Your relationship is not a game and shouldn’t be treated like one. Don’t make your partner jump through hoops in order to win your affections. As partners you are equals, and you shouldn’t have to keep testing him or her for proof of their love. This is part an ego game being consciously or unconsciously played, and it ultimately hurts the relationship.

3.      Do: Learn to express yourself better

 

4.      Don’t hide your feelings.

Try to be very sincere in your communication with your partner, as honest as possible without trying to hurt or blame. You’ll know you have come to a good point both you and your partner feel safe talking to one another about things without the fear of drama.

5.      Don't: Ignore an issue.

Issues have a tendency to breed. Even if one potentially sticky situation has passed by without much damage, another one may arrive. Like any of your fears, face the problem head-on, even if it is uncomfortable. Do not be afraid to talk to your partner, remember you are on the same team.

6.      Do: Support your partner.

Be your partner’s biggest cheerleader. Help them in whatever way you can, sometimes by being hands-on, sometimes by just staying out of their way, or sometimes by simply listening to them and giving your genuine feedback if they ask for it. You don’t have to always agree in order to be supportive, be supportive in your actions.

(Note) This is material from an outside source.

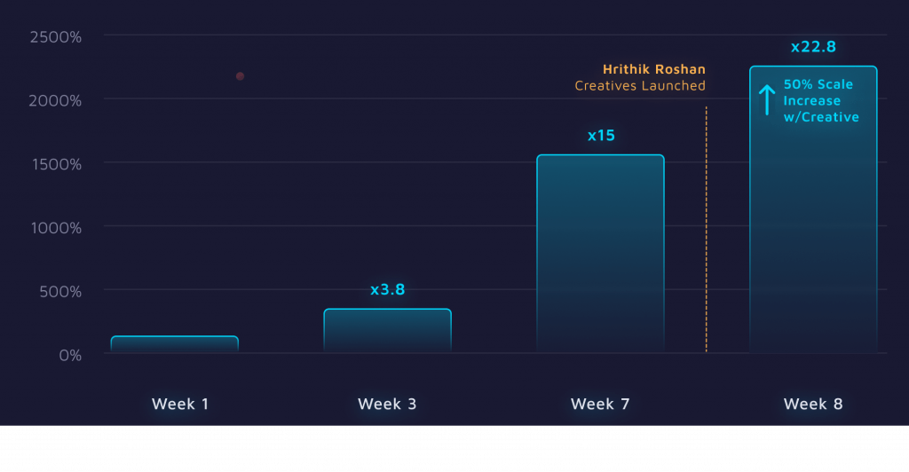 The addition of video advertisements starring Indian Actor Hrithik Roshan allowed for a massive additional increase of 50% in scale within a week of starting to use them at the very end of the seventh week of campaigns.
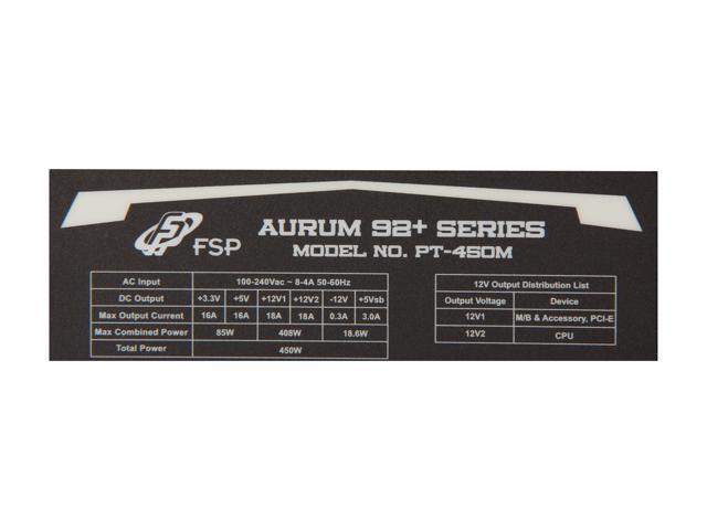FSP Group AURUM 92+ Series PT-450M 450W ATX12V / EPS12V SLI Ready CrossFire Ready 80 PLUS PLATINUM Certified Modular Active PFC Power Supply

7.      Don't: Try to change your partner.

The question is: What kind of change? You can always discuss changing certain habits, but recognize that whether they make that change or want to is finally not up to you. If you have more objections about your partner’s personality, behaviour or thoughts than you don’t have objections, perhaps there are bigger problems to consider.

8.      Do: Respect each other's boundaries.

Every relationship should have boundaries. Before you are a couple, you are an individual. Give each other space to do your own things, do not push yourself into any part of your partner’s life unless invited, and don’t feel entitled to all your partner’s secrets. You do not own one another.

9.      Don't: Cause or put up with drama.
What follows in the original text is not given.